Q: Consistency vs availability — when would you sacrifice each?

Sacrifice availability for consistency (CP): Banking systems (showing wrong balance is unacceptable), inventory management (overselling is costly), authentication (wrong auth state is a security hole), medical records. The system may temporarily refuse requests during a partition, but data is always accurate. Sacrifice consistency for availability (AP): Social media feeds (stale like count is fine), DNS (old cached record still works), product catalogs (slightly outdated price for a few seconds), search indexes (new content appearing with slight delay). The system always responds, but data might be briefly stale. Key insight: most systems aren't purely CP or AP. They use different consistency levels for different operations within the same system (strong consistency for payments, eventual consistency for feeds).

Q: Monolith vs microservices — when should you choose each?

Monolith: Single deployable unit. Choose when: small team (< 10 engineers), early-stage product (need to iterate fast), simple domain, don't yet know service boundaries. Pros: simple deployment, easy debugging, no network overhead between services, shared database. Microservices: Independent services, each with its own database. Choose when: large team (50+ engineers), well-understood domain with clear boundaries, different services need different tech stacks or scaling profiles, organizational autonomy needed. Pros: independent deployment, fault isolation, team autonomy, technology flexibility. Cons: distributed system complexity (network failures, eventual consistency), operational overhead (service discovery, tracing, monitoring), harder debugging. The path: start monolith, extract services as you grow. Don't start with microservices unless you have a strong reason.

Q: SQL vs NoSQL — what factors drive the decision?

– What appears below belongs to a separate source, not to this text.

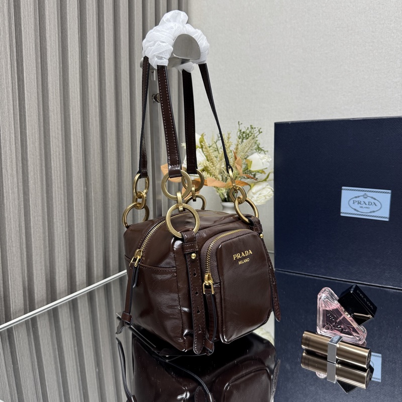 [프리미엄 오리지널] (신상 오일왁스 가죽) 소형 빈티지 가죽 핸드백 1BB137 원산지 오일왁스 가죽 신상 정사각형 핸드백은 복고 감성의 부드러운 가죽으로 제작되었습니다. 복고풍 금속 하드웨어와 클래식한 지퍼 포켓이 빈티지 매력을 더합니다. 가죽 핸들 길이: 25cm 사이즈: 가로 14.5 x 높이 14 x 너비 13.5 cm

Deciding factors: (1) Data model: Structured with relationships? SQL. Flexible/nested? Document store. Key-value? Redis/DynamoDB. (2) Consistency needs: Need ACID transactions? SQL. Eventual consistency acceptable? NoSQL scales easier. (3) Query patterns: Complex queries with JOINs and aggregations? SQL. Simple lookups by key? NoSQL. (4) Scale profile: Write-heavy at massive scale? Cassandra. Read-heavy with complex queries? PostgreSQL with read replicas. (5) Team expertise: SQL is universally known. Each NoSQL database has its own learning curve. The answer is usually "both": PostgreSQL for core transactional data + Redis for caching + S3 for files + Elasticsearch for search. Don't frame it as either/or.

Q: Push vs pull model for a news feed — what are the trade-offs?

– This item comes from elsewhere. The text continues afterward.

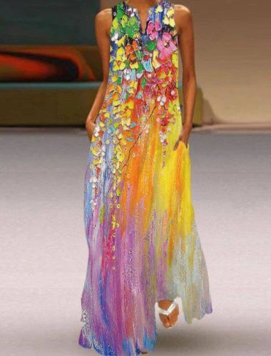 Kadın çentik yaka sıfır kol süprem kumaş çiçek desenli elbise

Push (fan-out on write): When a user posts, immediately write to every follower's feed. Pros: instant feed reads (pre-computed), simple read path. Cons: celebrity problem (50M writes per post), wasted work for inactive users, high write amplification. Pull (fan-out on read): When a user opens their feed, fetch recent posts from everyone they follow. Pros: no wasted writes, handles celebrities naturally. Cons: slow read path (merge N timelines), high read latency, more compute at read time. The real answer: Hybrid. Push for normal users (< 10K followers) + pull for celebrities. This is what Twitter and Facebook actually use. It optimizes for the common case (fast reads) while handling the edge case (celebrities) gracefully.

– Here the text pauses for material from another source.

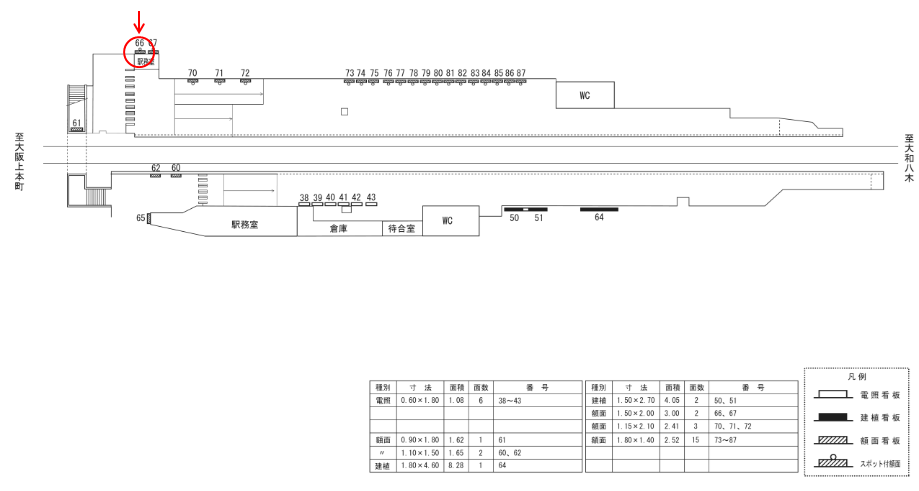 この駅看板は「長瀬駅を利用する方」「長瀬駅周辺を行き来する方」に見てもらえます。移動中に見てもらえる駅構内の駅看板は、長瀬駅の周辺にある店舗施設の紹介や道案内に利用されています。特に駅の出口付近にある駅看板は、店舗までの距離が近く案内看板に適しています。

Q: Synchronous vs asynchronous processing — when should you use each?

Synchronous: The caller waits for the result. Use when: the user needs the result immediately (login, payment confirmation, reading a profile), the operation is fast (< 200ms), the result determines the next step. Asynchronous: The caller gets an immediate acknowledgment; processing happens in the background. Use when: the operation is slow (video encoding, email sending, report generation), the user doesn't need the result immediately, you need to absorb traffic spikes (queue + workers). Implementation: message queues (Kafka, SQS, RabbitMQ). Pattern: Accept request → return 202 Accepted with a job ID → client polls for status or receives a webhook callback. Example: uploading a video is sync (fast, returns URL), processing/encoding is async (slow, notifies when done).